This framing is accurate but dangerously incomplete. The same capabilities that make Claude Mythos alarming as an offensive tool are precisely what Anthropic is deploying for defence through Project Glasswing.
Anthropic's own description of the initiative is striking in its clarity: "Although the risks from AI-augmented cyberattacks are serious, there is reason for optimism: the same capabilities that make AI models dangerous in the wrong hands make them invaluable for finding and fixing flaws in important software."
This dual-use reality is not a contradiction. It is the defining characteristic of every powerful security technology. Penetration testing tools are used by attackers and defenders. Vulnerability scanners work for both sides. The question has never been whether a technology can be misused — it always can. The question is whether the defensive applications of the technology are being adopted as aggressively as the offensive ones.

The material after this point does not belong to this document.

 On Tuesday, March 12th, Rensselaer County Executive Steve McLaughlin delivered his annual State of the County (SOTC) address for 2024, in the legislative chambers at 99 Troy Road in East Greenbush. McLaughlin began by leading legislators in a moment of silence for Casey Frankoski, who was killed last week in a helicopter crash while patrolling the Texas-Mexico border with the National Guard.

The answer, in most enterprise security operations, is no. Security teams are reading about Claude Mythos as a threat and updating their threat models. Very few are simultaneously asking: how do we put this capability to work for detection and response?

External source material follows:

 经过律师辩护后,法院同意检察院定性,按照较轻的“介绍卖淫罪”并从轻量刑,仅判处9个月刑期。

For email security specifically, this asymmetry is most visible at the detection layer. Attackers are already using LLMs to generate hyper-personalised phishing emails that defeat grammatical analysis, personalisation detection, and baseline anomaly models. A CBS News report from the week of the Glasswing announcement quoted a university CIO directly on this: AI is being used to "script those dialogues, those conversations, those phishing emails, to specific people — and really customise them to make them a lot more difficult to detect and identify."
The myth that LLMs are primarily a threat is dangerous because it leads security teams to focus entirely on defending against AI-generated attacks while ignoring the defensive capability those same models provide. The asymmetry only compounds over time: attackers who adopted LLMs early are now operating with Claude Mythos-class capabilities in underground markets while defenders are still reading threat advisories.
The question is not whether Claude Mythos is dangerous. It clearly is. The question is whether your defensive capabilities are adopting LLM-native reasoning at the same rate that offensive actors already have.
Project Glasswing exists precisely because Anthropic recognised this dynamic. The 52 organisations in the consortium are not there to be warned about AI. They are there to use it — to find and fix vulnerabilities in their foundational systems before threat actors reach equivalent capability. The defensive posture is not awareness. It is deployment.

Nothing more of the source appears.